[THEMA] Sauvage : Une question de ville ou de mort ?

Publié le ven 05/05/2023 - 12:00

Par Quentin Zinzius

Tantôt sacralisé, tantôt persécuté. Le sauvage est à la fois « le paroxysme de la nature et de la liberté » mais aussi « ce qui s’oppose à la civilisation », selon les différentes définitions. Une dualité qui a fini par délier complètement le « monde humain » du « monde sauvage », au point qu’ils peinent aujourd’hui à coexister dans un même espace.
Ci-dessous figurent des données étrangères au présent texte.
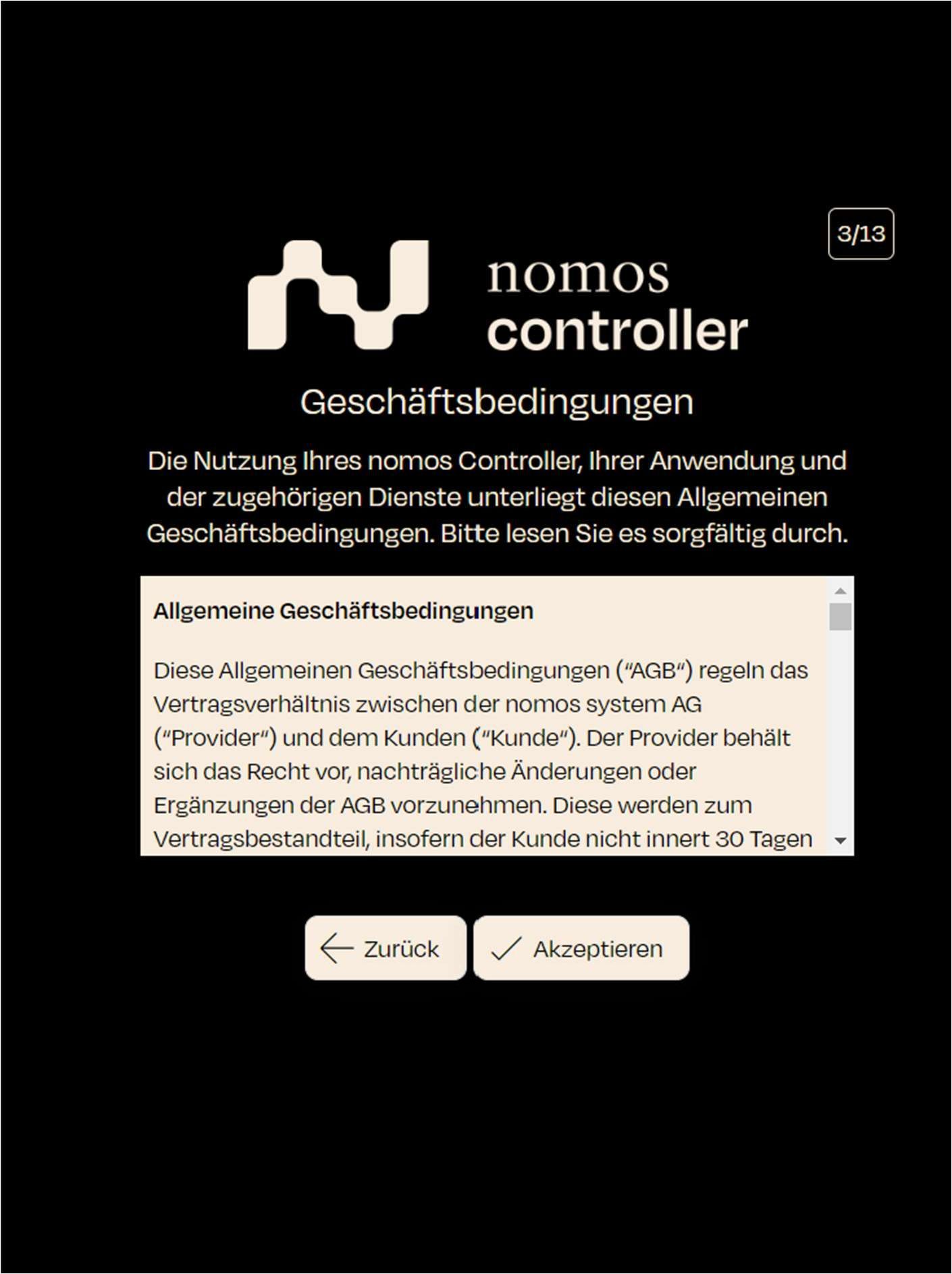 Pour terminer l'installation et la configuration du contrôleur nomos, il est nécessaire d'accepter les conditions générales.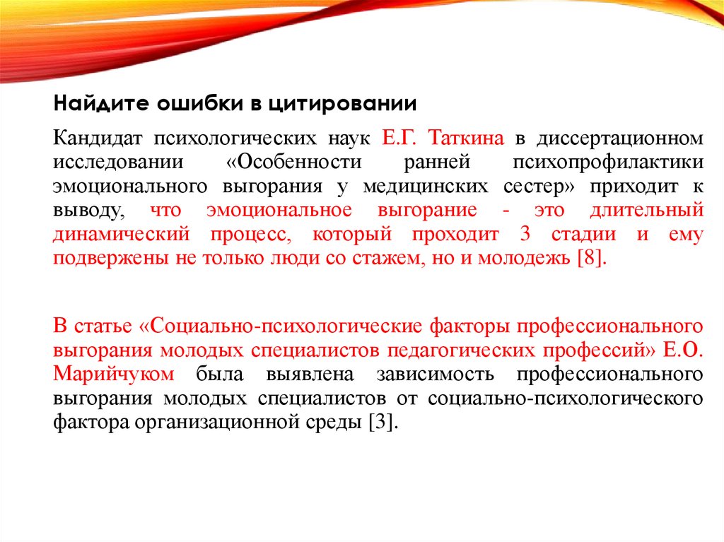 Найдите ошибки в цитированииКандидат психологических наук Е.Г. Таткина в диссертационном

Loin des yeux mais près du cœur. En France, la nature et la « faune sauvage » qui la constitue ne cessent de gagner en popularité auprès du grand public. Selon un sondage Ifop de janvier 2022, près de 80 % des Français portent ainsi un haut intérêt au respect des animaux sauvages et à leur sensibilité. Pourtant, notre relation avec ces espèces est loin d’être évidente. « La vie d’un humain moderne occidental ne croise que rarement celle d’un animal sauvage, à moins que ce dernier ne traverse devant sa voiture… », ironise Élise Huchard, primatologue et écologue spécialiste du comportement animal. En cause selon la philosophe Joëlle Zask, qui a travaillé sur nos relations aux animaux sauvages, « une construction du monde humain incompatible avec les besoins des animaux ». En particulier la ville, qui constitue « un lieu de rupture puissante avec l’animalité », complète-t-elle.

Malaise urbain

Car s’il est bien un endroit où le sauvage n’est plus à sa place, c’est bien dans nos zones urbaines. « La ville et sa prédictibilité géométrique sont structurellement étanches à l’erratisme de la vie et du sauvage », reprend la philosophe. Une étanchéité qui continue de tenir à l’écart une majeure partie de la vie sauvage. Quant aux animaux qui y prospèrent, « la plupart sont considérés comme nuisibles », renchérit la philosophe. Pigeons, rats et autres moustiques en tête. « Pourtant, reprend Joëlle Zask, ces animaux ne font que se nourrir des défauts de notre monde et ils sont victimes des mêmes troubles : obésité, espérance de vie réduite, pathologie multiples... » A l’heure de la raréfaction des habitats et des ressources naturelles, de plus en plus d’animaux sauvages se tournent vers les villes en quête de nouveaux espaces. Le retour des renards et faucons pèlerins dans certaines agglomérations en sont un exemple, ainsi que les nombreuses visites sauvages observées pendant les confinements.

Une question de distance

Le problème est que « les gens ont oublié ce que sont les animaux sauvages, réagit également Cédric Sueur, spécialiste de l’éthique animale. Comme ils évoluent en ville, ils ont tendance à les croire inoffensifs, voire apprivoisés : ils veulent les caresser ou les nourrir. » Des comportements dangereux pour l’être humain – l’animal sauvage pourrait essayer de mordre – mais aussi et surtout pour l’animal lui-même, qui pourrait finir par devenir dépendant. « Entre exterminer un animal et lui donner à manger, la frontière est très fine », résume Joëlle Zask. « Le grand public a tendance à associer à l’animal les réactions qu’il connaît de ses propres interactions avec ses semblables humains. Mais c’est une erreur car chaque espèce animale a ses propres codes sociaux », détaille Élise Huchard. Pour les trois spécialistes, savoir garder ses distances est donc primordial. « Les animaux sauvages n’ont pas besoin de nous, mais d’espaces. Alors, nous devons apprendre à accueillir ces animaux compatibles avec la vie urbaine avant d’essayer de rétablir des relations plus complexes avec les autres animaux sauvages », insiste Cédric Sueur. « Ce que nous devons réapprendre, ce n’est pas seulement à cohabiter, prévient Joëlle Zask, mais aussi à coexister ».